▶ EXERCISE: Keep the pictures out of the copy and repeat the records exactly.
-------- SOURCE RECORDS
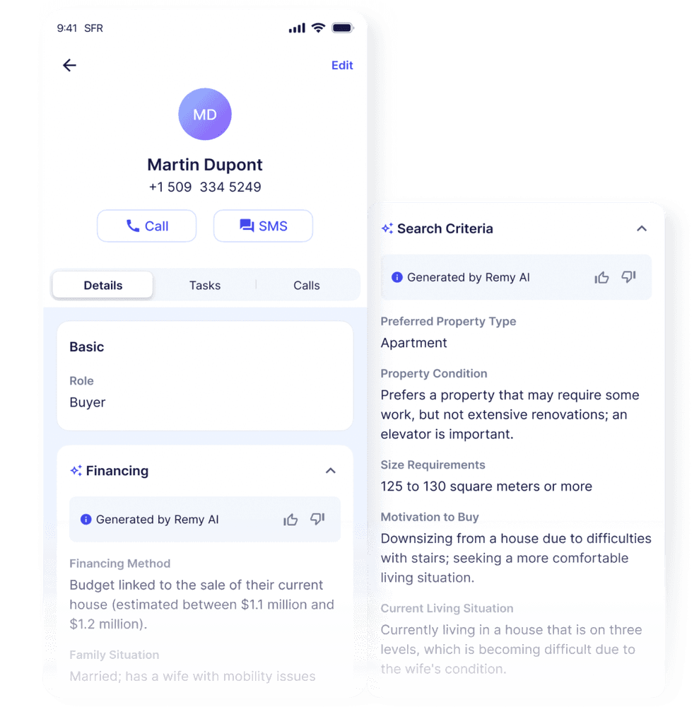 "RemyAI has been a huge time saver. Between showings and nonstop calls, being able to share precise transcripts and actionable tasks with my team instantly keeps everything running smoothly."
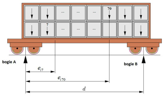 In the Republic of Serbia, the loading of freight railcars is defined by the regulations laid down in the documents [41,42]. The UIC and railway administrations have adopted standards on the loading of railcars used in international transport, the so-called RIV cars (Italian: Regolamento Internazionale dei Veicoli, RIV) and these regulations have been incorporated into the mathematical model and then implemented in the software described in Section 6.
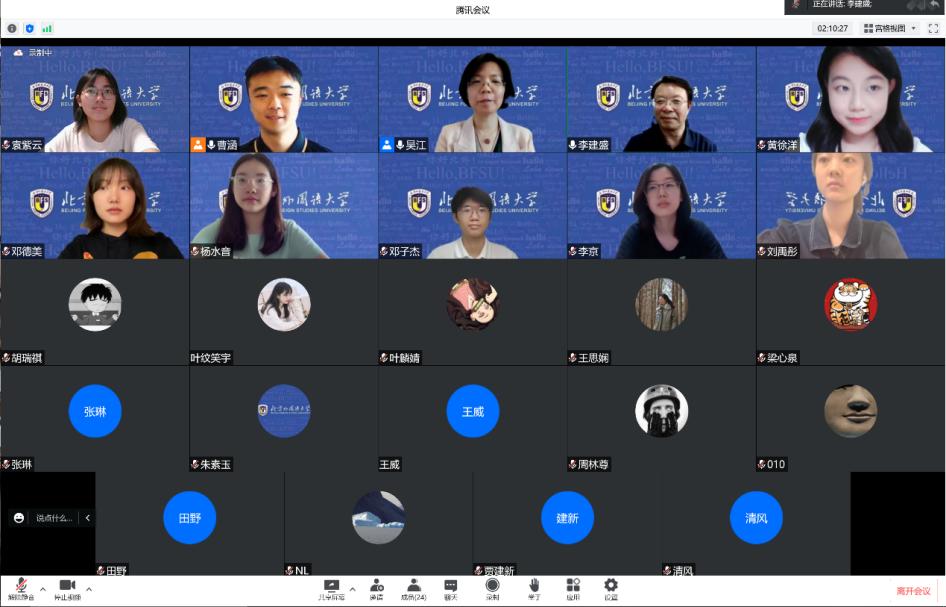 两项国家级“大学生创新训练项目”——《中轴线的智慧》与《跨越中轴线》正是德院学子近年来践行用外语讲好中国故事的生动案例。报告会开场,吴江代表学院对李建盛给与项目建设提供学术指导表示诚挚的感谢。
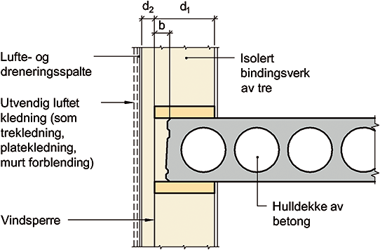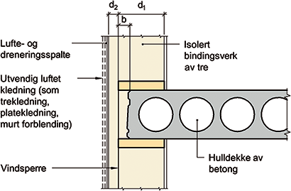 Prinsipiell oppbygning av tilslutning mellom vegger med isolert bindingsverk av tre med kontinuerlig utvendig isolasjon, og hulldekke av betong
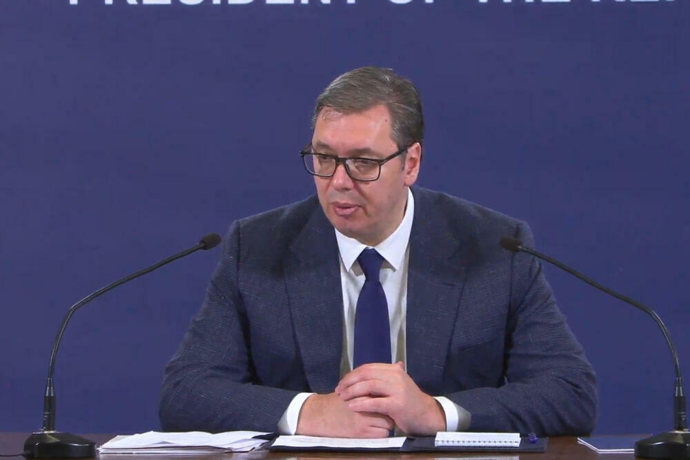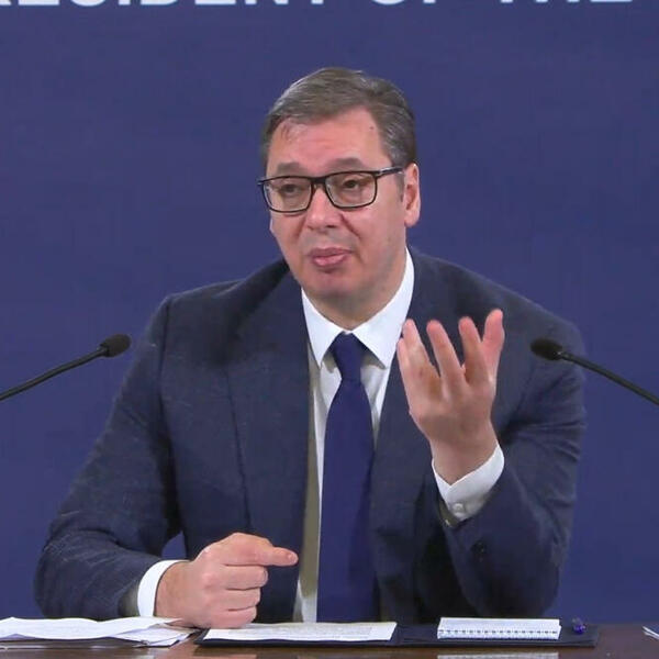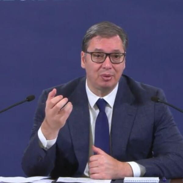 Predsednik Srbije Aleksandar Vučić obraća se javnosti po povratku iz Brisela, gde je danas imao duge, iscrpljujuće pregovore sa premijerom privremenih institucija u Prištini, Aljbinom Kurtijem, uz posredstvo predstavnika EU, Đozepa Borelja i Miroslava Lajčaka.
----------------
▶ ANSWER BOX:
 "RemyAI has been a huge time saver. Between showings and nonstop calls, being able to share precise transcripts and actionable tasks with my team instantly keeps everything running smoothly."
 In the Republic of Serbia, the loading of freight railcars is defined by the regulations laid down in the documents [41,42]. The UIC and railway administrations have adopted standards on the loading of railcars used in international transport, the so-called RIV cars (Italian: Regolamento Internazionale dei Veicoli, RIV) and these regulations have been incorporated into the mathematical model and then implemented in the software described in Section 6.
 两项国家级“大学生创新训练项目”——《中轴线的智慧》与《跨越中轴线》正是德院学子近年来践行用外语讲好中国故事的生动案例。报告会开场,吴江代表学院对李建盛给与项目建设提供学术指导表示诚挚的感谢。
 Prinsipiell oppbygning av tilslutning mellom vegger med isolert bindingsverk av tre med kontinuerlig utvendig isolasjon, og hulldekke av betong
 Predsednik Srbije Aleksandar Vučić obraća se javnosti po povratku iz Brisela, gde je danas imao duge, iscrpljujuće pregovore sa premijerom privremenih institucija u Prištini, Aljbinom Kurtijem, uz posredstvo predstavnika EU, Đozepa Borelja i Miroslava Lajčaka.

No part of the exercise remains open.